CVE-2021-23214: 
PostgreSQL vulnerability analysis and mitigation

CVE-2021-23214 is a security vulnerability discovered in PostgreSQL that affects multiple versions of the database management system. When the server is configured to use trust authentication with a clientcert requirement or to use cert authentication, a man-in-the-middle attacker can inject arbitrary SQL queries when a connection is first established, despite the use of SSL certificate verification and encryption. The vulnerability was disclosed on November 11, 2021, affecting PostgreSQL versions 9.6 through 14 (PostgreSQL Security).

The vulnerability occurs when the server collects data from the client socket during the initial connection. When SSL or GSS encryption is requested during startup, any additional data received with the initial request message remained in the buffer and would be treated as already-decrypted data once the encryption handshake completed. This allowed a man-in-the-middle attacker to inject cleartext data into the start of an encryption-protected database session. The CVSS 3.0 score for this vulnerability is 8.1 (High), with a vector of AV:N/AC:H/PR:N/UI:N/S:U/C:H/I:H/A:H (PostgreSQL Security).

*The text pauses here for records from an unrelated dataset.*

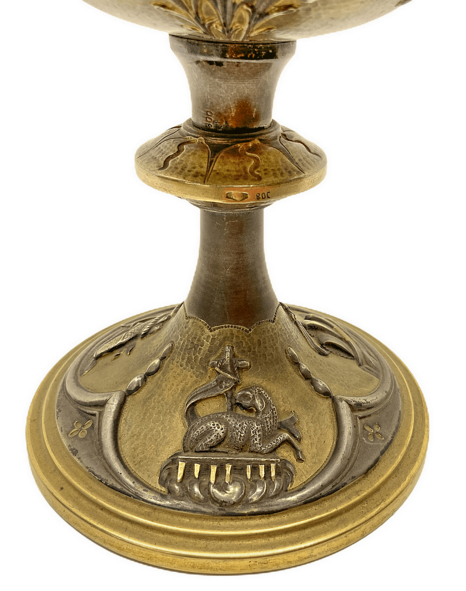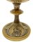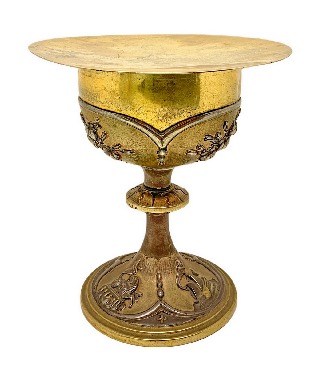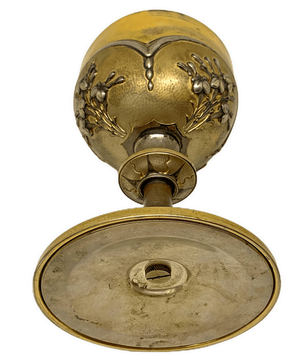 Calice con patena in argento vermeil decorato a sbalzo con motivi floreali, primi XX secoli. Sulla base simboli religios
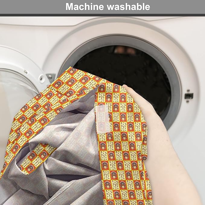 Lunarable Thanksgiving Dog Crate Cover, Checkered Pattern with Funny Cartoon Gobbler and Fallen Autumn Leaves, Easy to Use Pet Kennel Cover for Medium Large Dogs, 36 Inch, Red Yellow Brown
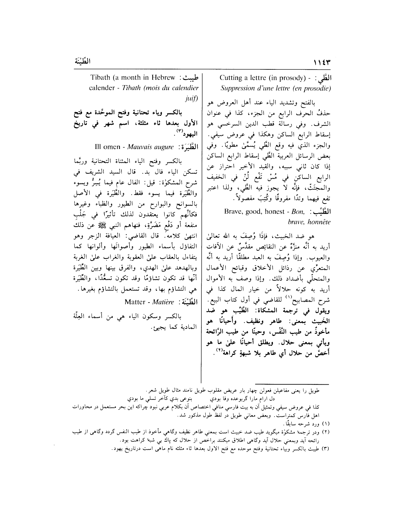 (2) ودر ترجمه مشكاة ميگويد طيب ضد خبيث است بمعني طاهر نظيف وگاهى مأخوذ از طيب النفس گردد وگاهى از طيب رائحه آيد وبمعني حلال آيد وگاهى اطلاق ميكنند بر اخص از حلال كه پاك بى شبه كراهت بود.
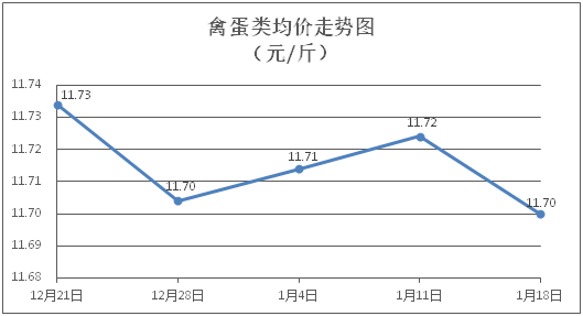 禽蛋類商品價格總體略降。所監(jiān)測的禽蛋類商品價格波動情況為2漲3跌,綜合零售均價為每斤11.70元,環(huán)比下降0.20%。其中:白條雞、白條鴨零售均價分別為每斤20.90元、15.28元,環(huán)比分別上漲0.10%、下降0.07%;雞蛋、咸鴨蛋零售均價分別為每斤6.35元、8.88元,環(huán)比分別上漲0.32%、下降0.56%。
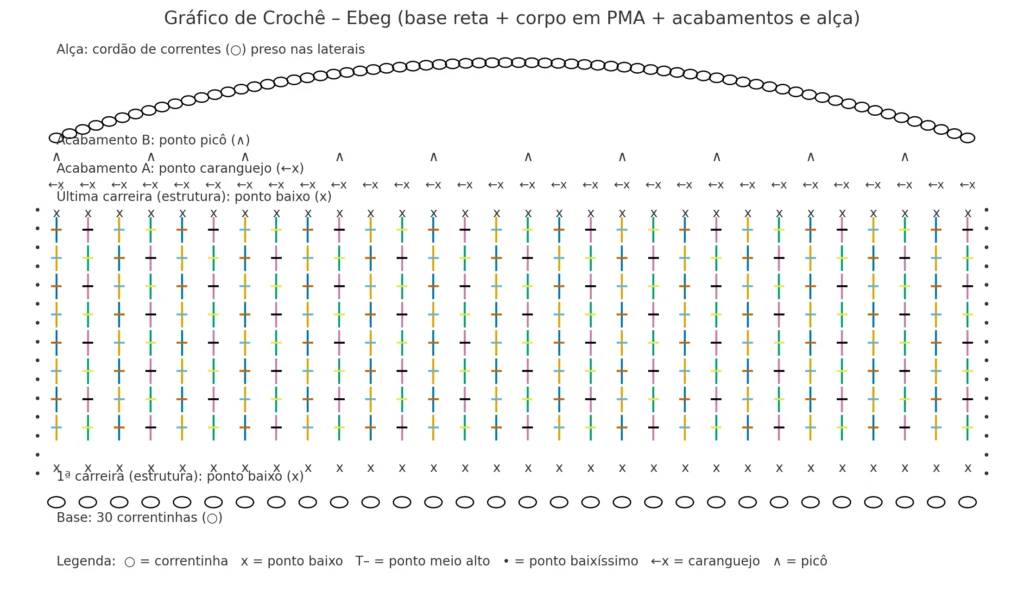O tamanho da sua ebeg de crochê vai depender da sua função. Para uso como bolsinha, capa ou organizador, um tamanho médio (cerca de 25 cm de altura por 30 cm de largura) é ideal. Use a fita métrica para medir durante a confecção.
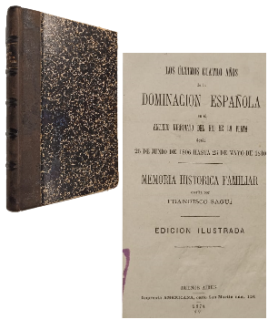 (TF21) - Buenos Aires - Memoria histórica familiar escrita por Francisco Saguí - Edición ilustrada - Contiene XIII+324 páginas - Prólogo y firmado y dedicado por Miguel Esteves Saguí - Encuadernado en medio cuero de color negro, con letras doradas en lomo - Lomo, perímetros y puntas gastados - Cantos con leve mancha de humedad - Buen estado |
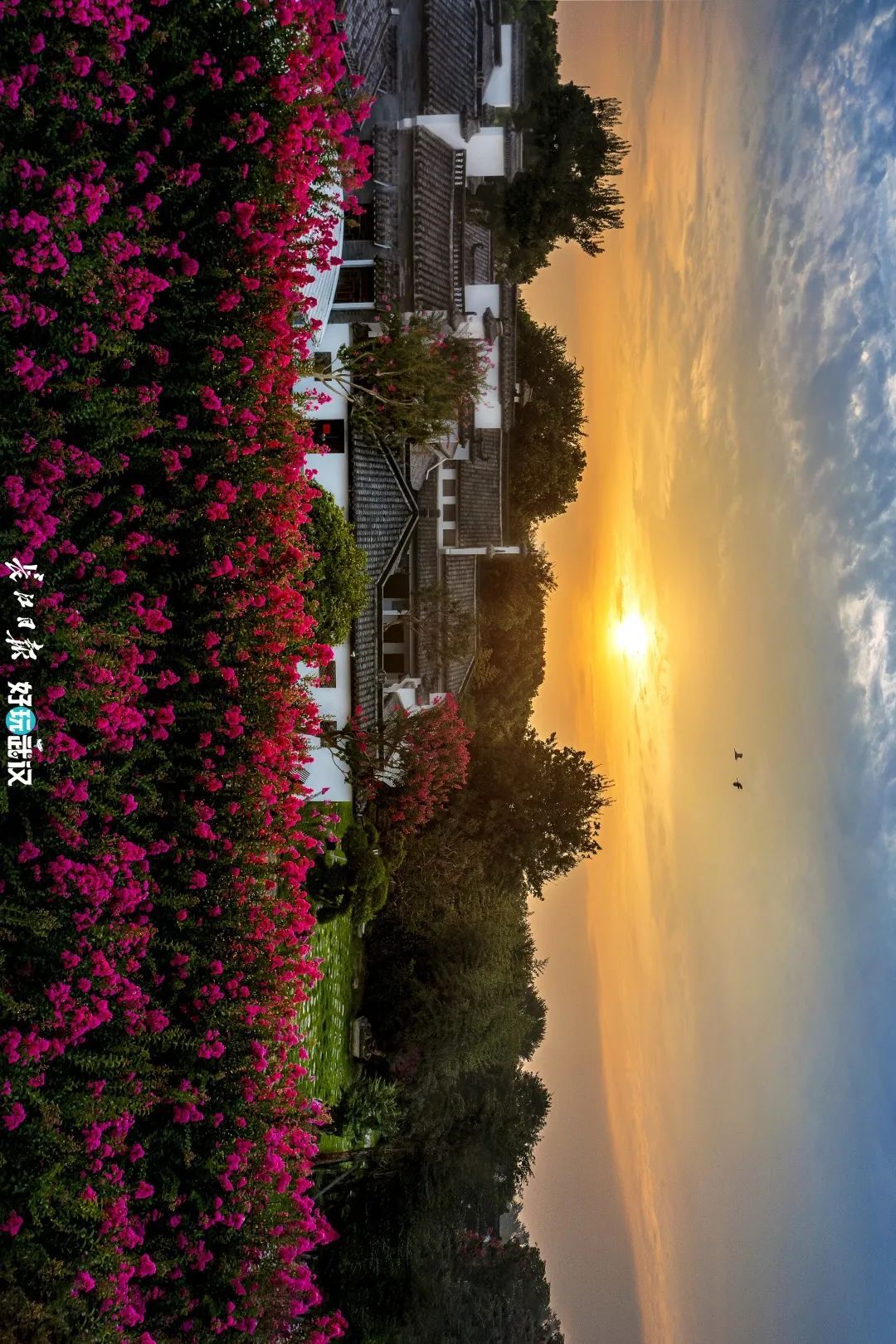 ■ 新洲紫薇都市田园,起个大早拍日出,朝阳映照天边,红色的紫薇花开正艳,黛瓦白墙下,朝霞映花别样红。
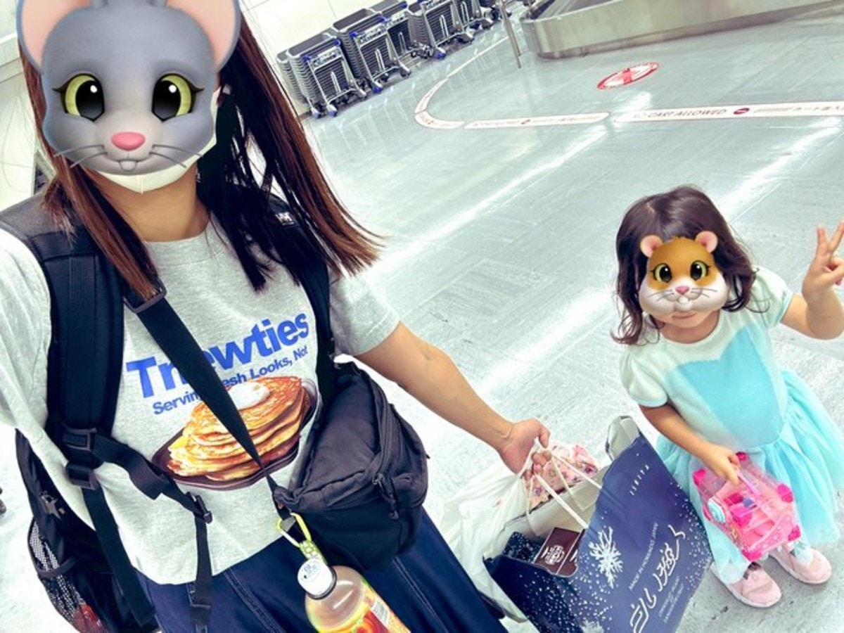 この写真だけでもくるるさんの苦労が伝わってくるようです…。ぱんぱんに詰まったカバンやお土産、さらにはカラビナでぶら下げられた飲料ボトル。移動で疲れ切った体にこれだけの荷物は本当に大変です。さらに娘さんから目が離せないとなると、親の偉大さを感じさせられます。
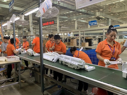 山東郵政為海爾企業提供綜合型物流服務。圖為膠州空調二期的工作人員正在組裝空調產品內機送風模塊。崔鵬森  攝
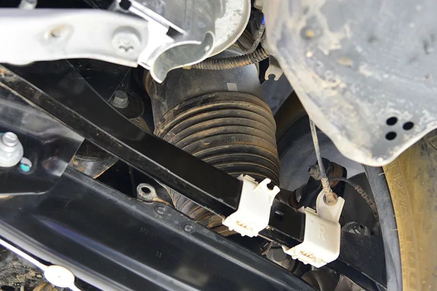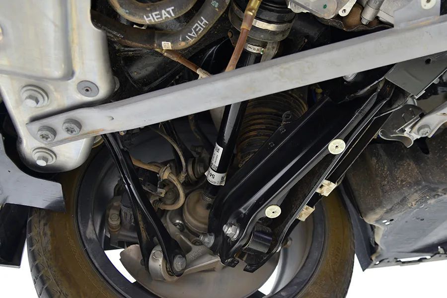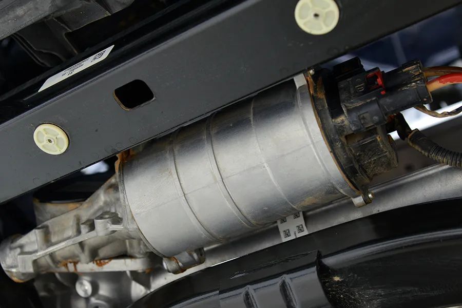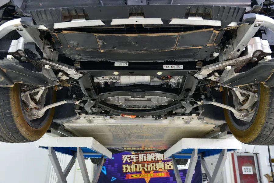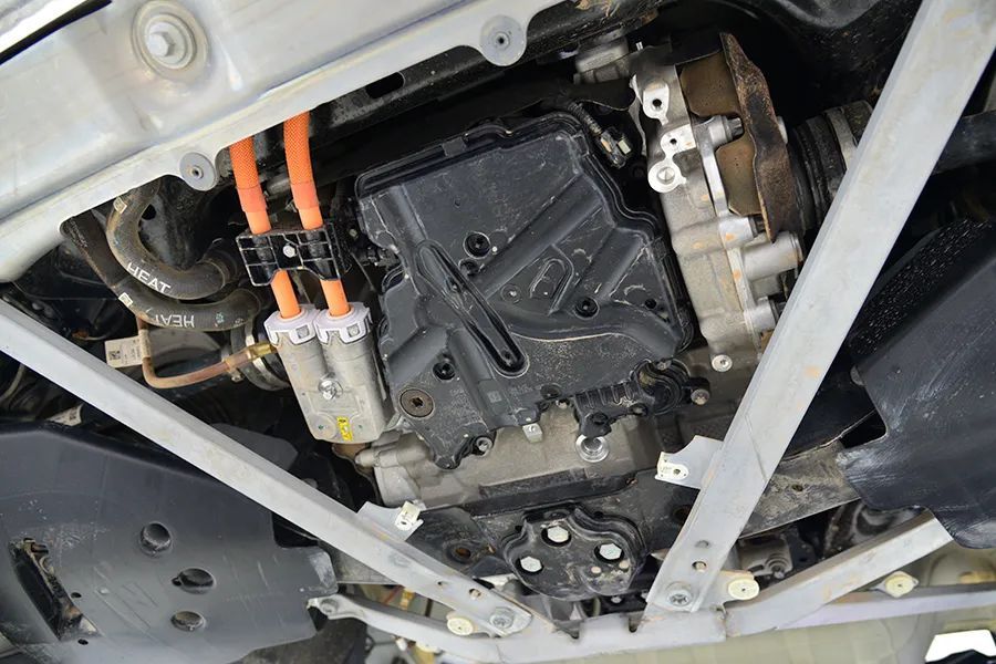 副车架为全框式结构,与汽油版的副车架完全不同,明显强度更高,还预留了安装前电机的位置。

The vulnerability could allow attackers to send faked SQL commands to the server, particularly effective against servers relying on SSL certificate authentication. This could potentially lead to unauthorized data access, manipulation, or other malicious activities in the database system (CVE Mitre).

The vulnerability has been fixed in PostgreSQL versions 14.1, 13.5, 12.9, 11.14, 10.19, and 9.6.24. The fix implements a protocol-violation error if the internal buffer is not empty after the encryption handshake. Organizations are strongly advised to upgrade to these patched versions (PostgreSQL Security).